On Thu, Jan 16, 2014 at 01:48:26PM -0500, Benjamin LaHaise wrote:
> 
> Any idea when this commit was made or titled?  I care about random 
> performance as well, but that can't be at the cost of making sequential 
> reads suck.

Thinking about this some more, I think it was made as part of the
changes to better take advantage of the flex_bg feature in ext4.  The
idea was to keep metadata blocks such as directory blocks and extent
trees closer together.  I don't think when we made that change we
really consciously thought that much about indirect block support,
since that was viewed as a legacy feature for backwards compatibility
support in ext4.  (This was years ago, before distributions started
wanting to support only one code base for ext3 and ext4 file systems.)
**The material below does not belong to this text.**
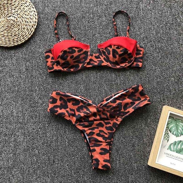 Item Type: Bikinis Set Gender: Women Waist: Low Waist Support Type: Underwire With Pad: Yes Pattern Type: Leopard Model Number: B3583 Material: Polyester,Nylon Fit: Fits true to size, take your normal size Brand Name: OMKAGI is_customized: Yes Quality: A+++
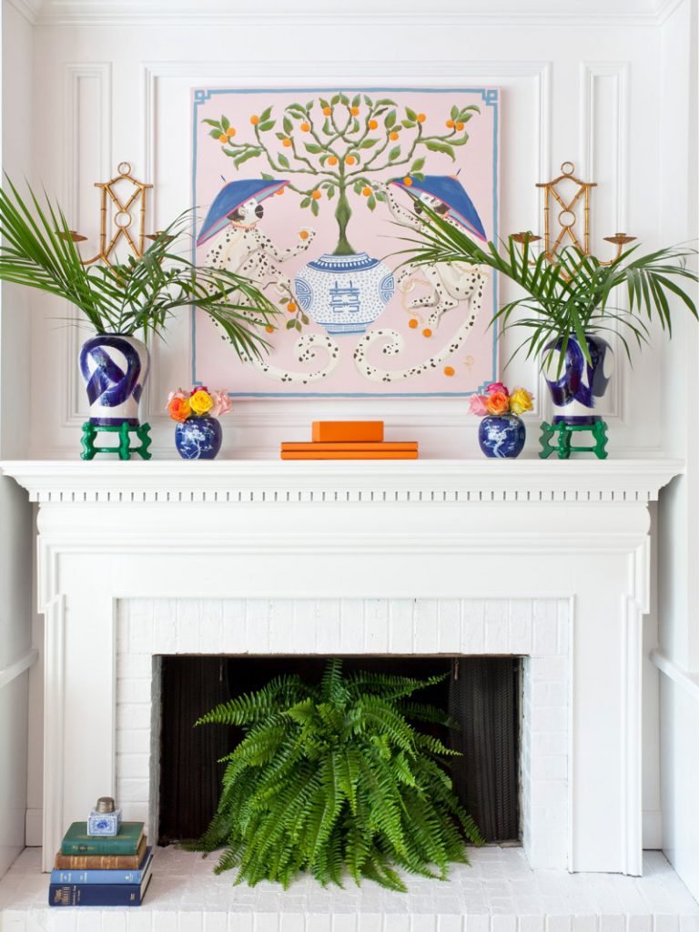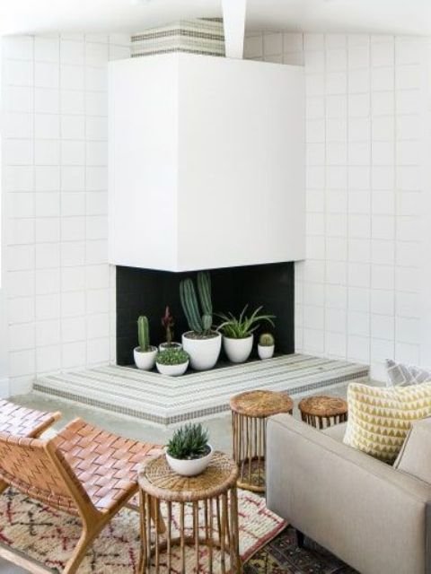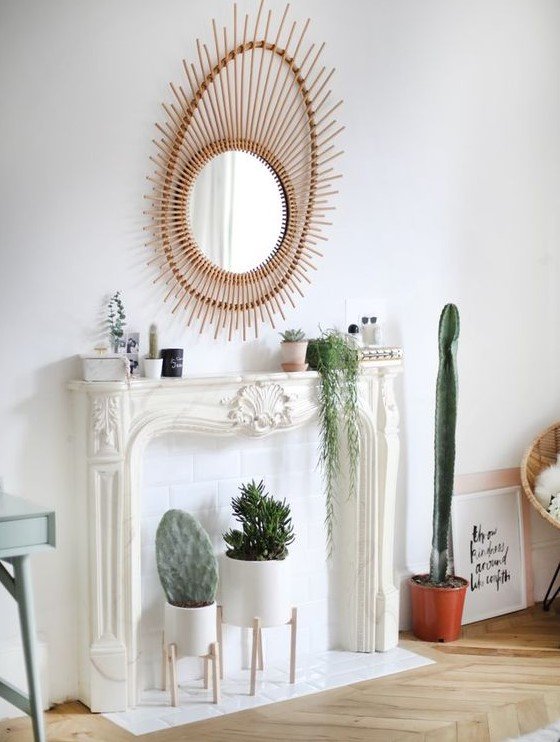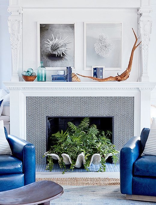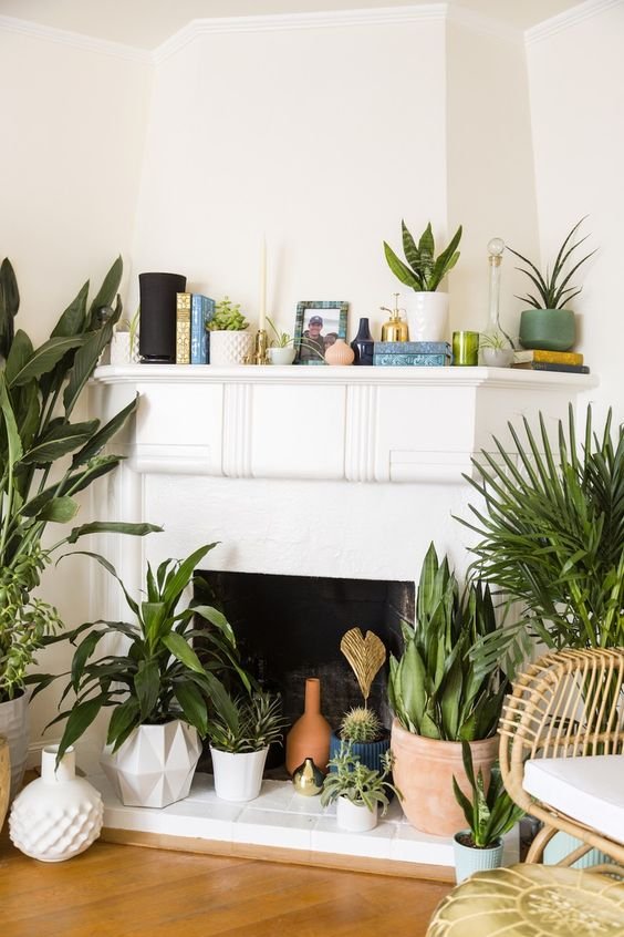 Bring life to your unused fireplace with plants or floral arrangements. Ferns, succulents, or dried grasses create texture and color while maintaining a relaxed, natural look. Use baskets, planters, or vases to layer height and dimension.

I *know* we've had this discussion about whether to put the indirect
blocks inline with the data, or closer together to speed up metadata
operations (i.e., unlink, fsck, etc.) before, though.  There was a
patch against ext3 I remember looking at which forced the indirect
blocks to the end of the previous block group.  That kept the indirect
blocks closer together, and on average 64MB away from the data blocks.
As I recall, the stated reason for the patch was to make unlinks of
backups of DVD images not take forever and a day.

I'm pretty sure we've had it at least once on the weekly ext4
concalls, and I'm pretty sure we've had it one hallway track or
another.  Ultimately, extents are such a huge win that it's not clear
it's really worth that much effort to try to optimize indirect blocks,
which are a lose no matter how you slice and dice things.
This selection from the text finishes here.